The industry will have two years to learn the new requirements and develop systems to ensure compliance.

By Elena Romanova, Stephen P. Wink, Adam Zuckerman, and Deric Behar

On November 15, 2021, President Biden signed the US$1.2 trillion Infrastructure Investment and Jobs Act into law (the Law). Two provisions of the Law could have a wide-ranging impact on the digital asset industry: (i) the Law includes a broad definition of “digital asset,” and (ii) the Law redefines “broker” to include certain persons providing services to transfer digital assets.

For months, the digital asset industry and its allies had rallied against these provisions on the grounds that they were impracticable and would impose onerous reporting burdens, hinder innovation (particularly against the backdrop of international competition), and threaten privacy rights. As these provisions are now law, their effects are worth noting.

Digital Asset Defined

For purposes of the Law, “digital asset” is defined as “any digital representation of value which is recorded on a cryptographically secured distributed ledger or any similar technology as specified by the Secretary [of the Treasury].” The definition is broad and appears to capture a variety of digital assets.

Definition of Broker Expanded

The Law amends the definition of “broker” in the Internal Revenue Code to include “any person who (for consideration) is responsible for regularly providing any service effectuating transfers of digital assets on behalf of another person.” The ramification of the expanded definition is that any party deemed a “broker” will be required to report to the IRS on Form 1099-B the gross proceeds (in US dollar) of sales or transfers of digital assets by their customers, along with the customers’ names and addresses.

Such exchanges will be required to record and, in certain cases, report to the IRS the cost basis of customers’ digital assets. But because “any service effectuating transfers” can be construed broadly, there is widespread concern that the tax information collection and reporting burdens could also apply to digital participants that do not have actual customers, do not broker transactions, and cannot even collect the information needed for reporting, such as validators, miners, and hardware/software developers.

How this requirement will apply to decentralized applications such as decentralized exchanges or lending protocols is an open question. Might launching a protocol that performs these services without another intermediary be sufficient to be considered a broker? It remains to be seen.

Reporting on “Cash” Transactions Over US$10,000 Expanded to Digital

Another provision of the Law expands section 6050I of the Internal Revenue Code to include digital assets. Section 6050I requires that taxpayers who, in the course of their trade or business, receive more than US$10,000 in cash and equivalents — in a single transaction or in a string of related transactions — collect, verify, and report a payor’s personally identifiable information (such as name and SSN) to the IRS within 15 days. The penalty for noncompliance includes fines and criminal felony charges punishable by up to five years of imprisonment.

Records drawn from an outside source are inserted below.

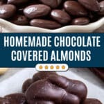 Delicious homemade chocolate covered almonds made with roasted whole almonds coated in smooth melted dark, milk, or a combination of chocolates. Perfect as a snack or a thoughtful gift, these treats are simple to make and irresistibly satisfying.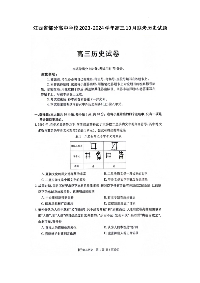 江西省部分高中学校2023-2024学年高三上学期10月联考 历史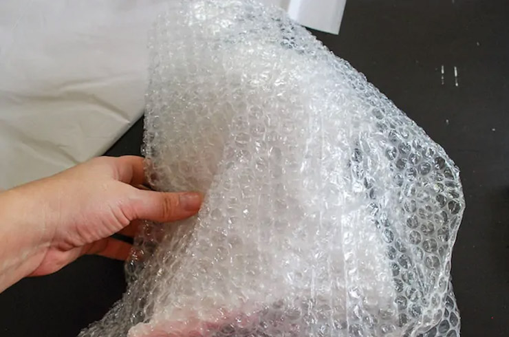 ۴. در نهایت، وسیله را با نایلون حبابی بپوشانید. همیشه نایلون حبابی را به صورتی که حبابهای آن به سمت خارج باشد استفاده کنید و مطمئن شوید که نایلون به طور مساوی وسلیه را پوشانده است.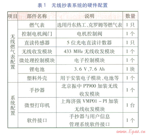 無線抄表系統的硬件配置包括無線燃氣表配置和系統配置兩個方面,所包括的部件見表l。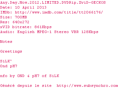 Date de sortie en France :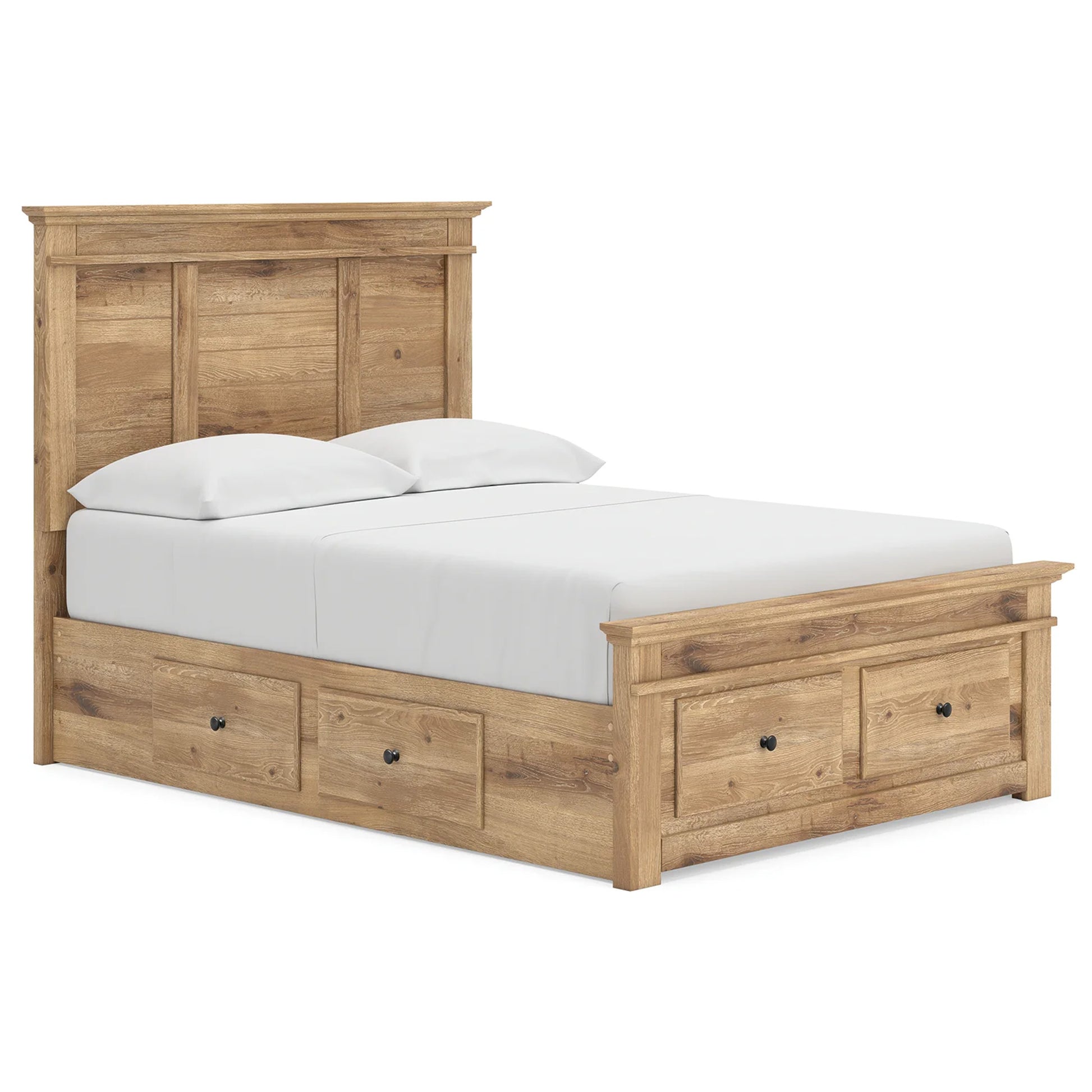 Looking to create a bedroom that feels airy and beautifully put together? This casually comfy full panel storage bed is your perfect solution. Its clean lines, replicated oak grain and on-trend natural finish exude a charming cottage-inspired feel that brightens your restful retreat. Spacious drawers with dark bronze-tone knobs stow away clothes and more. Now there’s a fresh take on country living we can get behind.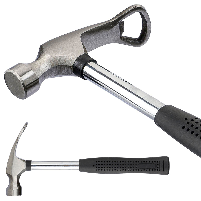 Stalen 'vrijdagmiddaghamer' met flesopener en PVC grip.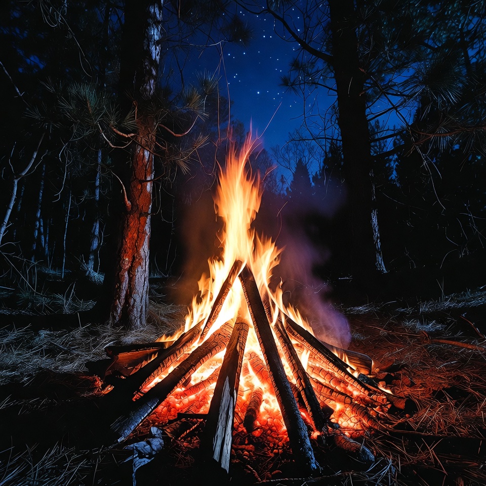 A vibrant campfire with tall orange and yellow flames burns brightly in a dark forest at night. Surrounding pine trees with reddish trunks frame the fire, and stars twinkle in the deep blue starry sky above. Smoke rises from the stacked logs on the forest floor littered with pine needles.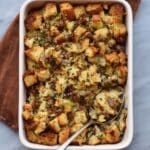 Absolutely! You can assemble the entire stuffing up to a day ahead, keep it covered and refrigerated, then bake it fresh when you’re ready. Just add a few extra minutes to the baking time since the stuffing will be cold going into the oven.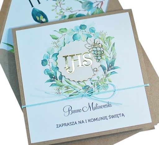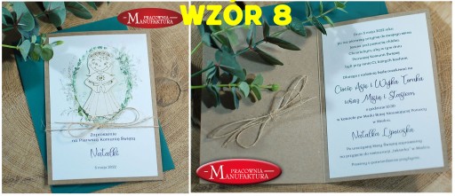 Rustykalne ręcznie wykonane zaproszenia na Pierwszą Komunię Świętą.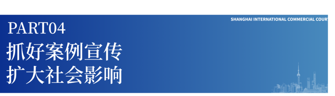 上海国际商事法庭依托全媒体宣传矩阵多渠道全方位开展新闻宣传,注重在电视媒体、公众号等媒体以中英文双语形式向国际社会精准传递案例相关信息,持续扩大国内国际影响力。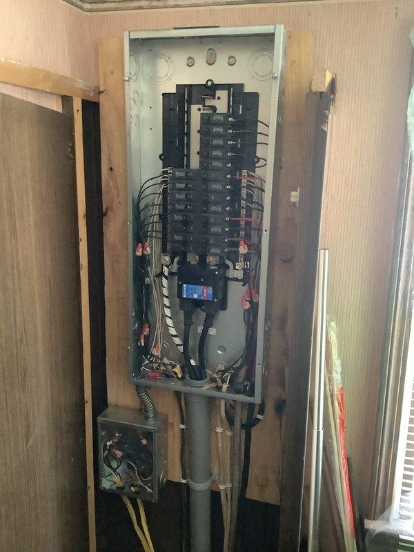 Replaced existing electrical panel with new 200A panel in interior closet of mobile home. Coordinated with homeowner to remove overhead shelving to provide adequate working clearance for code-compliant installation. Successfully installed panel with proper circuit breaker configuration, completed all electrical connections, and verified system operation upon energization.

Under the Law, the transfer of digital assets above US$10,000 will be treated like cash. The Law will apply to all taxpayers other than financial institutions — individuals, businesses, custodians, and exchanges — who receive any kind of digital asset above the US$10,000 threshold in the course of a trade or business. This reporting requirement ostensibly includes sales, loans, and barters (whether on centralized or decentralized exchanges, or peer-to-peer) of digital assets such as cryptocurrencies, digital tokens, and NFTs.

Reporting to Start After December 31, 2023

The digital asset provisions of the Law are not effective immediately. Instead, they will apply to tax returns required to be filed, and statements required to be furnished, after December 31, 2023. The digital asset industry will need to spend the next two years learning the new requirements and developing systems to ensure compliance.

According to the Joint Committee on Taxation, the digital asset provisions of the Law are projected to generate close to US$28 billion over the next 10 years. There have been few public attempts to estimate the projected cost of compliance that these provisions will impose on the digital market participants, including Main Street, which has become increasingly involved in the digital asset space.

In the interim, there have already been efforts to amend or repeal some aspects of the Law. One proposal would exempt blockchain validators (i.e., miners), non-custodial hardware or software vendors, and protocol developers from the definition of “broker” (and therefore from the broker information reporting requirements). Another proposal would clarify the definition of “broker” to include “any person who (for consideration) stands ready in the ordinary course of a trade or business to effect sales of digital assets at the direction of their customers.” Whether any significant effort will be made to scale back the application of the cash reporting requirement to digital assets remains to be seen.

In the absence of any amendments to the Law, the Treasury Department will need to clarify who is subject to the digital asset provisions and provide prompt guidance to stakeholders to allow them sufficient time for implementing the Law over the next two years.